─── MATERIAL PROVIDED ───
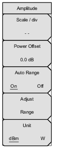 ![]() | Scale/div: The scale can be set in 1 dB steps from 1 dB per division to 15 dB per division. The value can be changed using the keypad, the rotary knob, or the Up/Down arrow keys. Scale changes the y-axis scale. This applies to the Spectrum view only. When in any other view, the display is “--”. Power Offset: Choose power offset to automatically adjust for the loss that occurs through any external cables, attenuators, and couplers. The power can be offset from 0 dB to 100 dB. Press the Power Offset key, enter the values, and press the dB submenu key. Auto Range: Pressing this submenu key toggles between On and Off. This function adjusts the reference level automatically when Auto Range is activated. Adjust Range: When Auto Range is OFF, pressing Adjust Range sets the Reference Level automatically for that one particular measurement. Pressing this button when Auto Range is ON, will turn Auto Range to OFF Units: select either dBm or Watts as the power unit. |
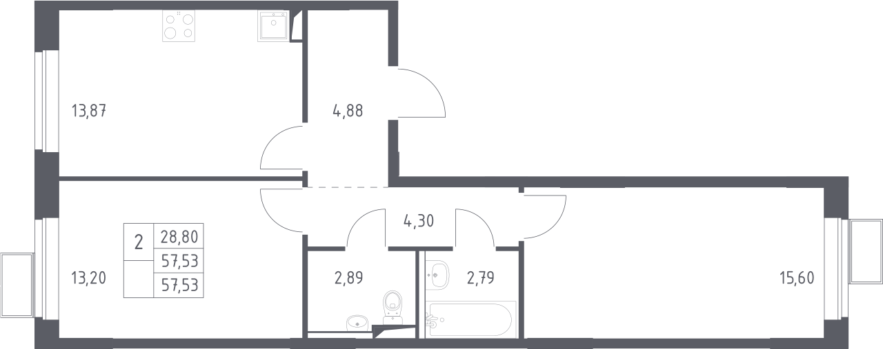 2-комнатная квартира № 51, 57.53 м2 с отделкой 2 эт.
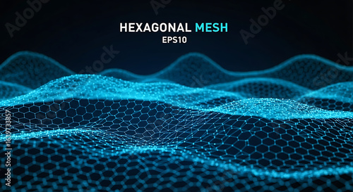 The watermark will not be included on Wall mural.: Futuristic technology background with a glowing blue hexagonal mesh forming a digital wave landscape
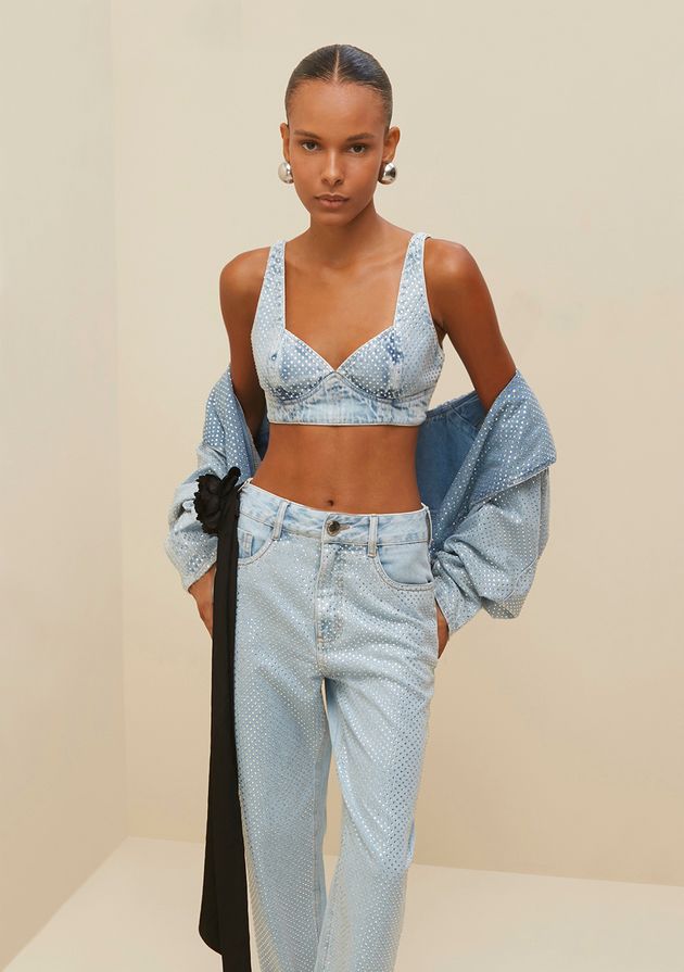 Top Morena Rosa Justo Alça Decote V Jeans
───
— WORK ITEM —
Excluding pictures, reproduce the listing above exactly as it stands.

— EXERCISE RESULT —
 ![]() | Scale/div: The scale can be set in 1 dB steps from 1 dB per division to 15 dB per division. The value can be changed using the keypad, the rotary knob, or the Up/Down arrow keys. Scale changes the y-axis scale. This applies to the Spectrum view only. When in any other view, the display is “--”. Power Offset: Choose power offset to automatically adjust for the loss that occurs through any external cables, attenuators, and couplers. The power can be offset from 0 dB to 100 dB. Press the Power Offset key, enter the values, and press the dB submenu key. Auto Range: Pressing this submenu key toggles between On and Off. This function adjusts the reference level automatically when Auto Range is activated. Adjust Range: When Auto Range is OFF, pressing Adjust Range sets the Reference Level automatically for that one particular measurement. Pressing this button when Auto Range is ON, will turn Auto Range to OFF Units: select either dBm or Watts as the power unit. |
 2-комнатная квартира № 51, 57.53 м2 с отделкой 2 эт.
 The watermark will not be included on Wall mural.: Futuristic technology background with a glowing blue hexagonal mesh forming a digital wave landscape
 Top Morena Rosa Justo Alça Decote V Jeans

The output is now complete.